*Problem details*
Copy word for word the lines in the records below, starting at the line with "ウェルビーイングなライフスタ" and ending at the line with "6 - Fest zum". Skip the pictures.

*Items listed in a dataset*
───

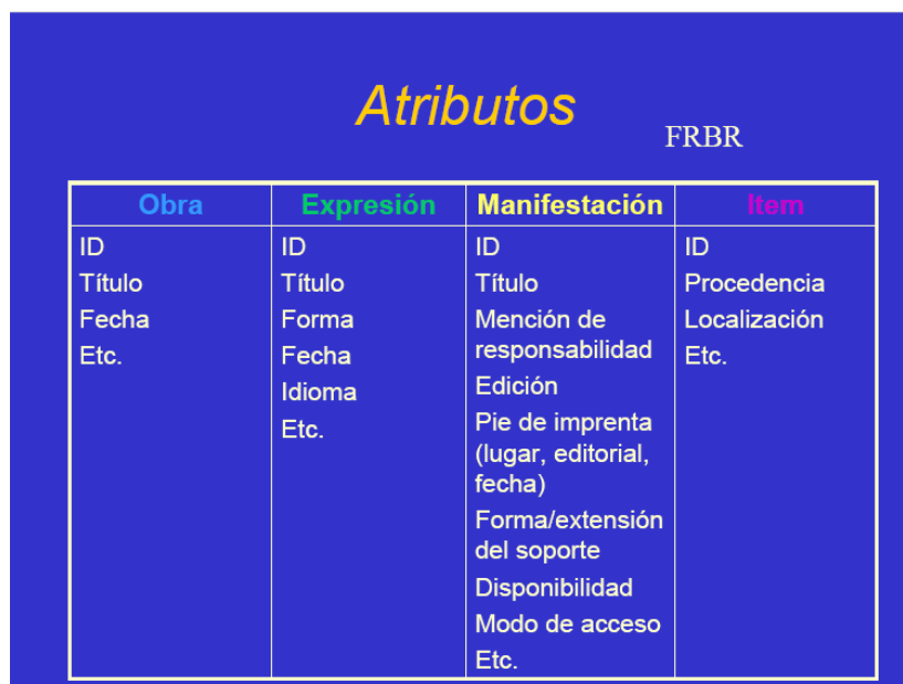
Figura 1 – Atributos de Entidades en FRBR

El segundo componente del modelo FRBR son los atributos o características de las entidades anteriormente mencionadas, los que actualmente han sido denominados como metadatos. Las obras, expresiones, manifestaciones e ítems poseen una serie de atributos, que se muestran en la Figura 1, siendo los más comúnmente conocidos los correspondientes a las manifestaciones.
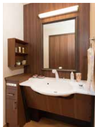
清潔感のある洗面化粧台を各居室に設置
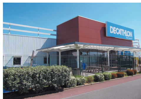
Saint-Quentin (02)
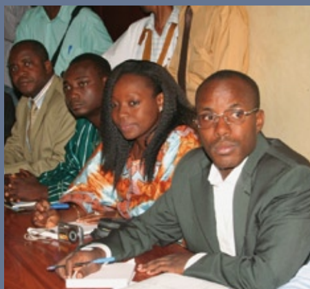
■ Forum des CNJ sur l'émigration clandestine dans les pays francophones de l'Afrique de l'Ouest (29 juin 2008, Mauritanie)
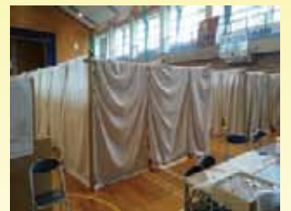
【第4班(H28.4.29～5.4) 派遣 乙川 亮 (作業療法士)】

今回は阿蘇大橋の崩落など被害の大きかった立野地区以外の長陽・白水・久木野地区で避難所巡回や自宅への訪問を行いました。
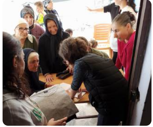
Depremden etkilenen kadınlarla birlikte dağıtım organize edilmesi.
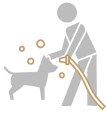
Área de lavado PARA MASCOTAS
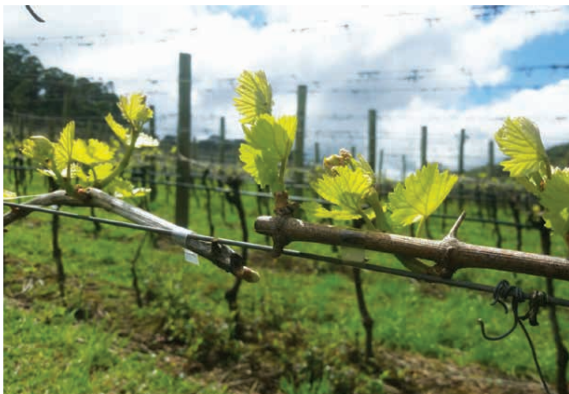
O fim do inverno se aproxima e surgem os primeiros brotos das videiras, trazendo a esperança de uma farta vindima. Capela São João, Flores da Cunha/RS
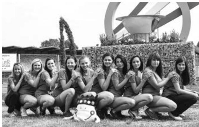
Náš tým žen v prostoru před olympijským ohněm
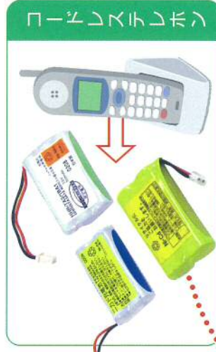
コードレスレホン
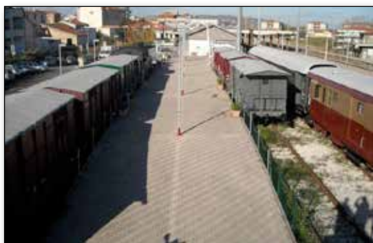
Rotabili museali appena risanati esteticamente
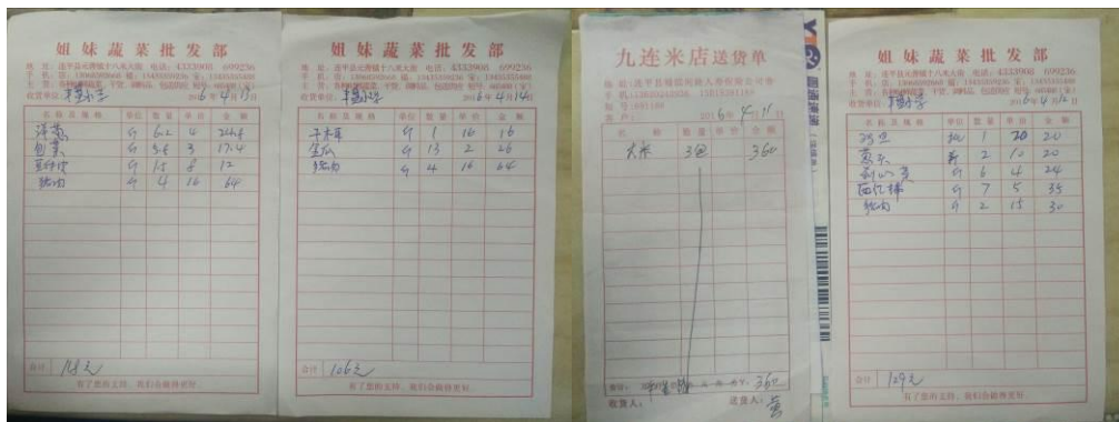
图 18 原始凭证组图
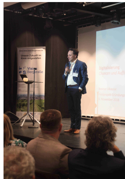
Keynote-Speaker Ammar Alkassar

Eine neue Herausforderung sei also, immer kürzere Innovationzyklen zu berücksichtigen. Das habe auch Auswirkungen auf die Anforderungen an den Arbeitsmarkt und seine Strukturen. Nur einen Beruf zu erlernen, werde in Zukunft nicht mehr ausreichen. Daher müssten Methoden entwickelt werden, die Menschen in diesen Innovationszyklen mitnehmen: lebenslanges Lernen wird ein Standard-Prozess werden, so Alkassars These.
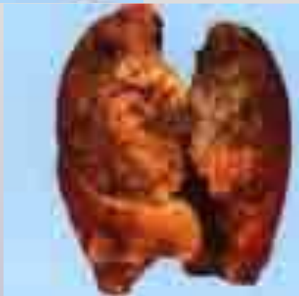
Лёгкое человека, больного хроническим бронхитом
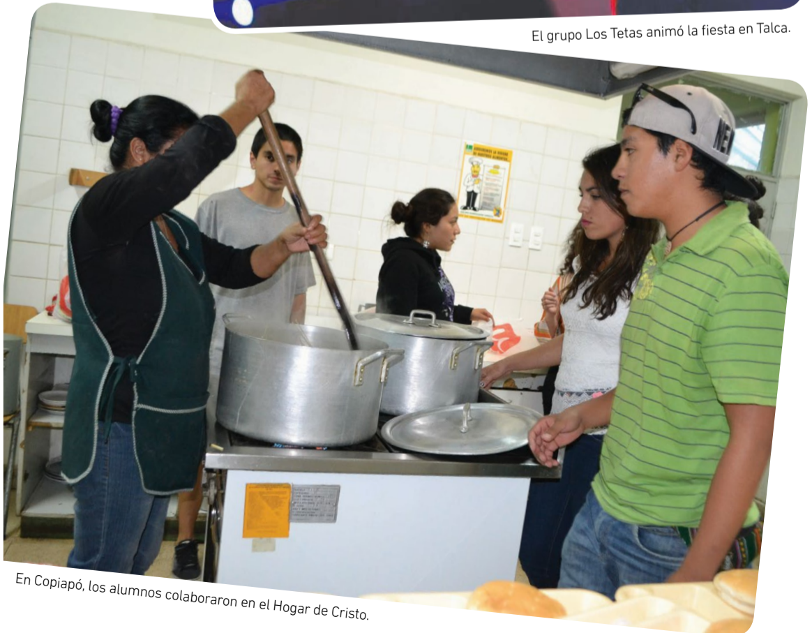
En Copiapó, los alumnos colaboraron en el Hogar de Cristo.
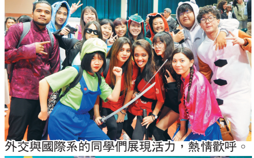
外交與國際系的同學們展現活力，熱情歡呼。
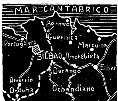
Gráfico de las operaciones decisivas sobre Bilbao. Las flechas indican los puntos por donde ha sido roto por las fuerzas nacionales el famoso cinturón de hierro

Hasta Bilbao ya no queda más obstáculo que los montes de Archanda y Santo Domingo; es decir, los auténticos arrabales de Bilbao, a cuyo cementerio de Derio han debido a estas horas llegar nuestras vanguardias.
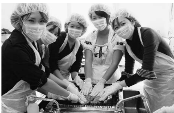
水産加工体験の1つイクラづくり
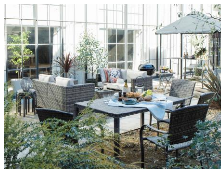
テラス家具「PATIO PETITE パティオプティ」

ウェルビーイングなライフスタイルをご提案するナチュラルライフリビングのコーナーでは、バルコニーでも使える「アウトドアファニチャー」や最新調理家電を使った絶品レシピ、ヘルスケアフードなどをご紹介します。
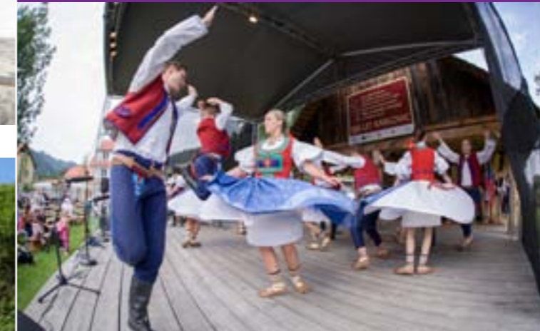
6 - Fest zum 300 Jahre alten Jubiläum der Ortschaft Velké Karlovice

Das ganze Jahr herrscht hier ein munterer Kulturrummel in Form von traditionellen Aktionen, wie z.B. Jahrmärkte, Kirmessen, Festivals, Konzerte und Auftritte, Ausstellungen, Vorlesungen oder Theatervorstellungen.

───

*Output for this exercise*
ウェルビーイングなライフスタイルをご提案するナチュラルライフリビングのコーナーでは、バルコニーでも使える「アウトドアファニチャー」や最新調理家電を使った絶品レシピ、ヘルスケアフードなどをご紹介します。
6 - Fest zum 300 Jahre alten Jubiläum der Ortschaft Velké Karlovice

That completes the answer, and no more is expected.